(Data excerpts)
== Segment start ==

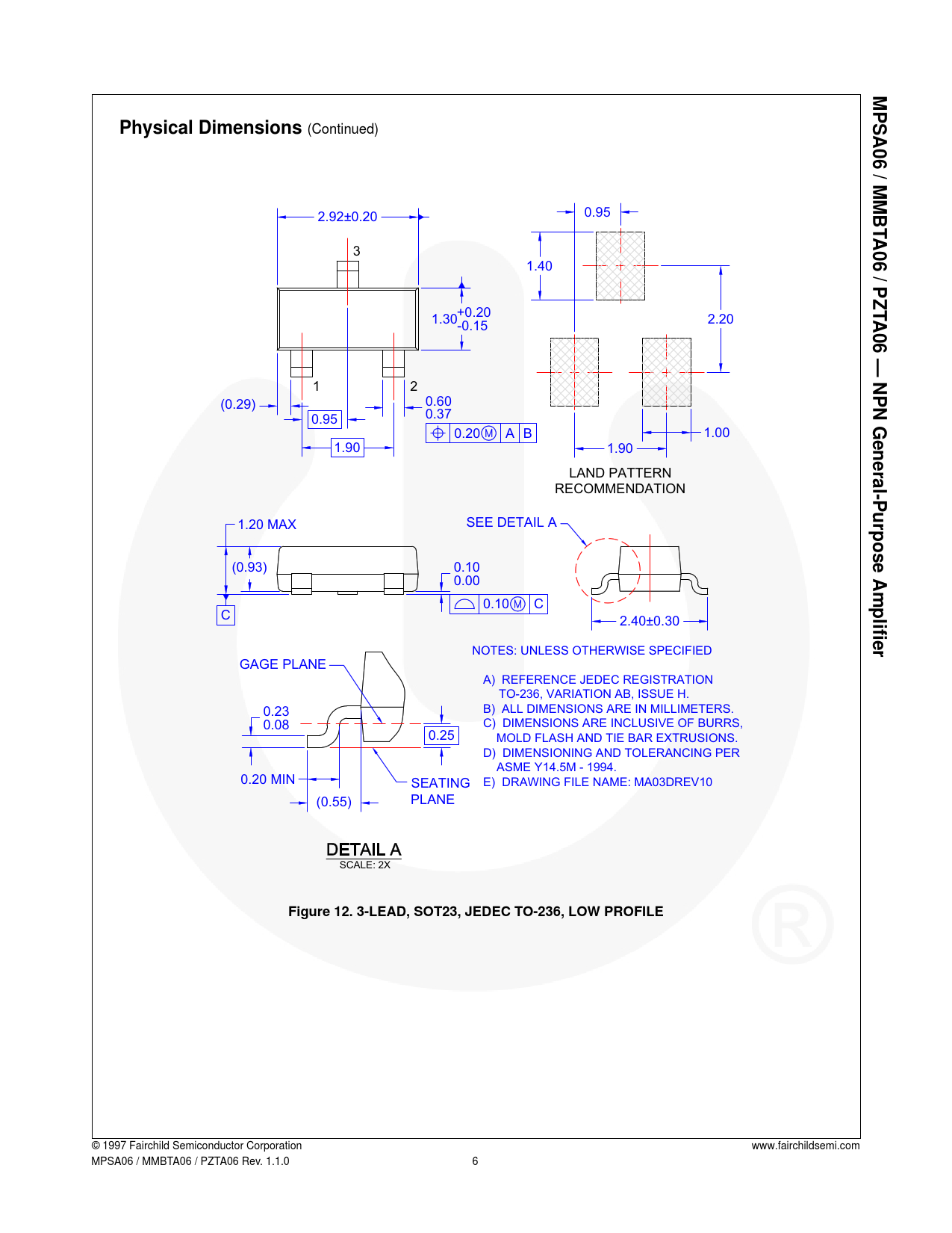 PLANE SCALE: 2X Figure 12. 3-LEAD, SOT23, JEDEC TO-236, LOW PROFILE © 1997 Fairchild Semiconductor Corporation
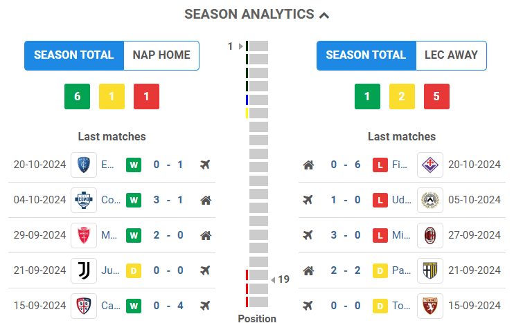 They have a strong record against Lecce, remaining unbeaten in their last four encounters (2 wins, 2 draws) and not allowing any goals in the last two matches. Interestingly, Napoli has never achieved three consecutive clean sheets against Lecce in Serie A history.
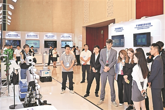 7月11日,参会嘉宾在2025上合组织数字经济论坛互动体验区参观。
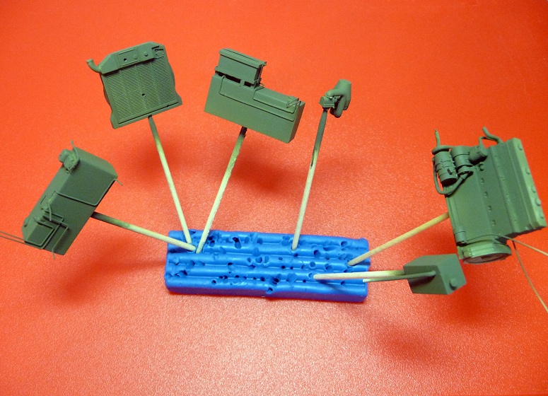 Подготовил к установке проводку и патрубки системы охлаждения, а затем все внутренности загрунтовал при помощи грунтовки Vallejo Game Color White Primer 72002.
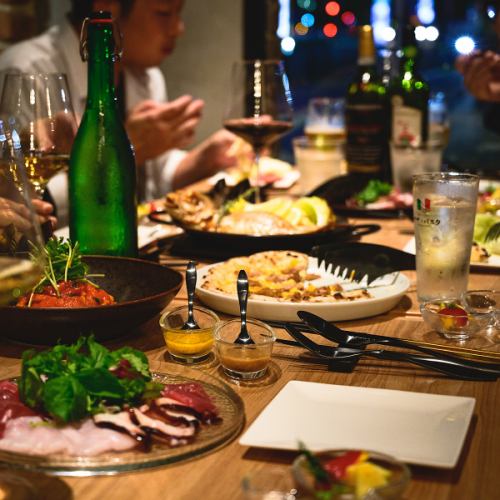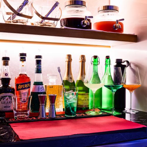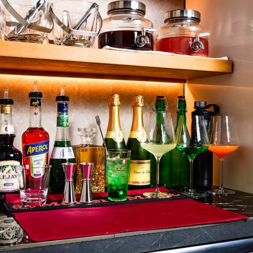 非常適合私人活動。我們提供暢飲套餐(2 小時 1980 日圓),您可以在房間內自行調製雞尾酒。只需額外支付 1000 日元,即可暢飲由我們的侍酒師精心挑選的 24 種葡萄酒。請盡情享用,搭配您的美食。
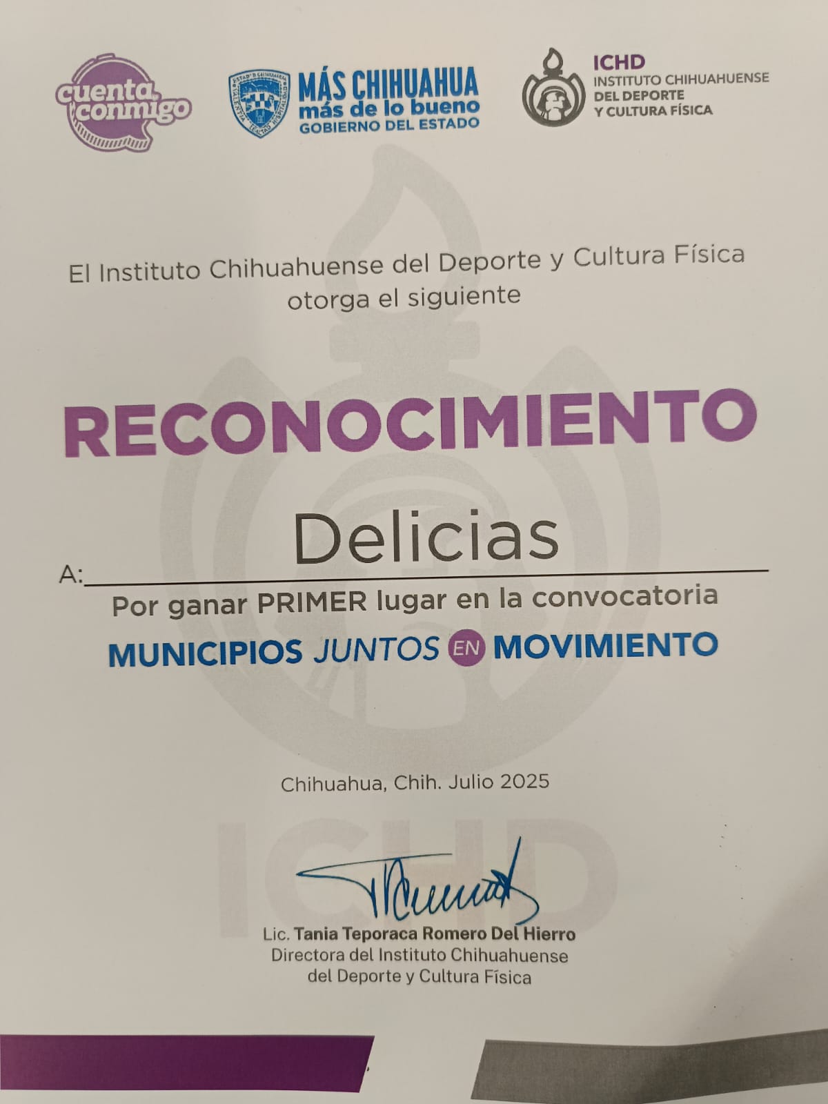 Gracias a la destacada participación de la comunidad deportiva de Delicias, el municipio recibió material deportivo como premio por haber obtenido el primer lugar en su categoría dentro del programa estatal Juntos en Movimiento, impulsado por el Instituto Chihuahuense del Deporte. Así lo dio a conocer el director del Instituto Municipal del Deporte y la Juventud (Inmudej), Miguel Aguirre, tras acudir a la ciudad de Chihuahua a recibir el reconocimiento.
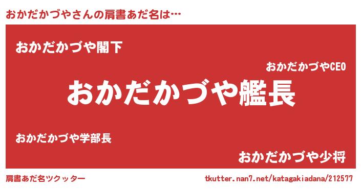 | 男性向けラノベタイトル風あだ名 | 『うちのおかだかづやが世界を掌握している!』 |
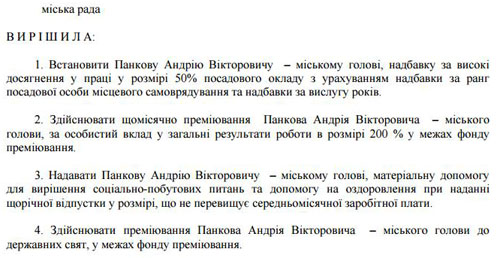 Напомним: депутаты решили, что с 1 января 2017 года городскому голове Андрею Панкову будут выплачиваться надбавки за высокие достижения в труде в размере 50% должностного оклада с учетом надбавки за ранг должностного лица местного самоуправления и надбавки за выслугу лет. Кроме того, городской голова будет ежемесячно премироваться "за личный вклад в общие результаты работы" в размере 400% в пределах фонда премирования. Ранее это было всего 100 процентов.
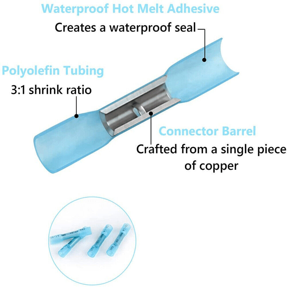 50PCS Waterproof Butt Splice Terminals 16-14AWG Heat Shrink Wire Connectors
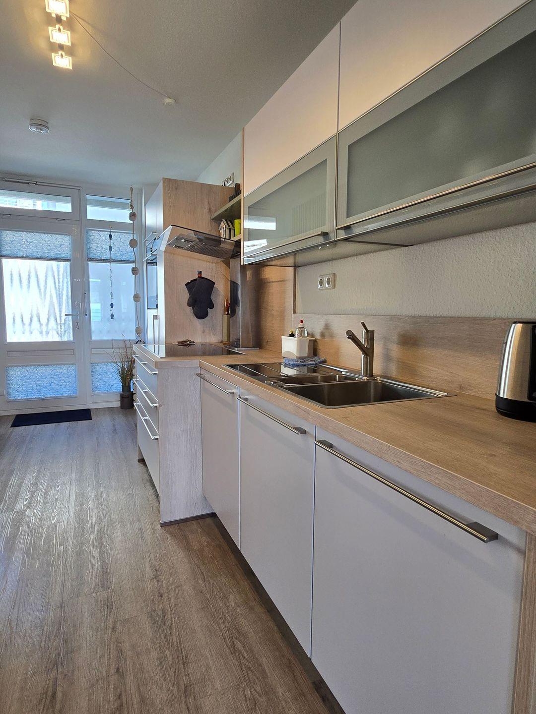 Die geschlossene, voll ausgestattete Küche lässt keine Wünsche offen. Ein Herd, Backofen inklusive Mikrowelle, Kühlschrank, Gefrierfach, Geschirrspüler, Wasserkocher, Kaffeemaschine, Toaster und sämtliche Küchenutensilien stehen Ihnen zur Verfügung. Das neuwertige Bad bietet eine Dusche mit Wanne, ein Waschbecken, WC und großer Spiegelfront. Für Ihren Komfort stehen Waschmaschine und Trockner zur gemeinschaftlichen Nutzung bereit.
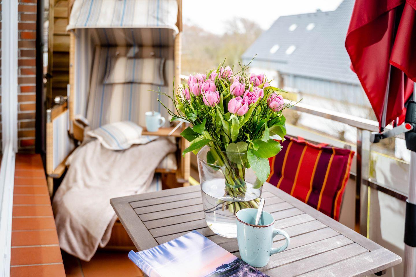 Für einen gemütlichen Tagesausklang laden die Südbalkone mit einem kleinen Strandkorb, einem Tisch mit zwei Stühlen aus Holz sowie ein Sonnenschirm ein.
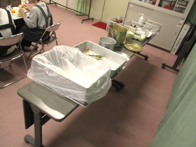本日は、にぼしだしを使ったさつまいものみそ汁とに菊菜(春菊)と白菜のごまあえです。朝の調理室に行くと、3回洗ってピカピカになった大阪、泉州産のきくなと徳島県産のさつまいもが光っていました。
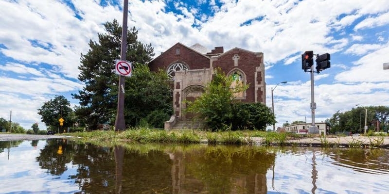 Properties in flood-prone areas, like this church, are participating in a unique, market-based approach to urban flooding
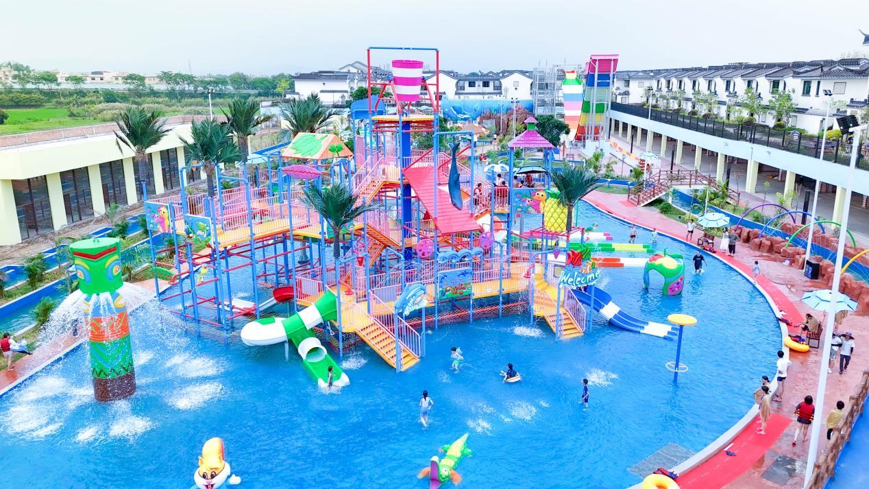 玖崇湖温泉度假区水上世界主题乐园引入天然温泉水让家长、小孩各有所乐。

== Segment end ==

__Your goal__.
Write out the records once more, exactly as they stand, with no images.

__Task result__.
 PLANE SCALE: 2X Figure 12. 3-LEAD, SOT23, JEDEC TO-236, LOW PROFILE © 1997 Fairchild Semiconductor Corporation
 They have a strong record against Lecce, remaining unbeaten in their last four encounters (2 wins, 2 draws) and not allowing any goals in the last two matches. Interestingly, Napoli has never achieved three consecutive clean sheets against Lecce in Serie A history.
 7月11日,参会嘉宾在2025上合组织数字经济论坛互动体验区参观。
 Подготовил к установке проводку и патрубки системы охлаждения, а затем все внутренности загрунтовал при помощи грунтовки Vallejo Game Color White Primer 72002.
 非常適合私人活動。我們提供暢飲套餐(2 小時 1980 日圓),您可以在房間內自行調製雞尾酒。只需額外支付 1000 日元,即可暢飲由我們的侍酒師精心挑選的 24 種葡萄酒。請盡情享用,搭配您的美食。
 Gracias a la destacada participación de la comunidad deportiva de Delicias, el municipio recibió material deportivo como premio por haber obtenido el primer lugar en su categoría dentro del programa estatal Juntos en Movimiento, impulsado por el Instituto Chihuahuense del Deporte. Así lo dio a conocer el director del Instituto Municipal del Deporte y la Juventud (Inmudej), Miguel Aguirre, tras acudir a la ciudad de Chihuahua a recibir el reconocimiento.
 | 男性向けラノベタイトル風あだ名 | 『うちのおかだかづやが世界を掌握している!』 |
 Напомним: депутаты решили, что с 1 января 2017 года городскому голове Андрею Панкову будут выплачиваться надбавки за высокие достижения в труде в размере 50% должностного оклада с учетом надбавки за ранг должностного лица местного самоуправления и надбавки за выслугу лет. Кроме того, городской голова будет ежемесячно премироваться "за личный вклад в общие результаты работы" в размере 400% в пределах фонда премирования. Ранее это было всего 100 процентов.
 50PCS Waterproof Butt Splice Terminals 16-14AWG Heat Shrink Wire Connectors
 Die geschlossene, voll ausgestattete Küche lässt keine Wünsche offen. Ein Herd, Backofen inklusive Mikrowelle, Kühlschrank, Gefrierfach, Geschirrspüler, Wasserkocher, Kaffeemaschine, Toaster und sämtliche Küchenutensilien stehen Ihnen zur Verfügung. Das neuwertige Bad bietet eine Dusche mit Wanne, ein Waschbecken, WC und großer Spiegelfront. Für Ihren Komfort stehen Waschmaschine und Trockner zur gemeinschaftlichen Nutzung bereit.
 Für einen gemütlichen Tagesausklang laden die Südbalkone mit einem kleinen Strandkorb, einem Tisch mit zwei Stühlen aus Holz sowie ein Sonnenschirm ein.
本日は、にぼしだしを使ったさつまいものみそ汁とに菊菜(春菊)と白菜のごまあえです。朝の調理室に行くと、3回洗ってピカピカになった大阪、泉州産のきくなと徳島県産のさつまいもが光っていました。
 Properties in flood-prone areas, like this church, are participating in a unique, market-based approach to urban flooding
 玖崇湖温泉度假区水上世界主题乐园引入天然温泉水让家长、小孩各有所乐。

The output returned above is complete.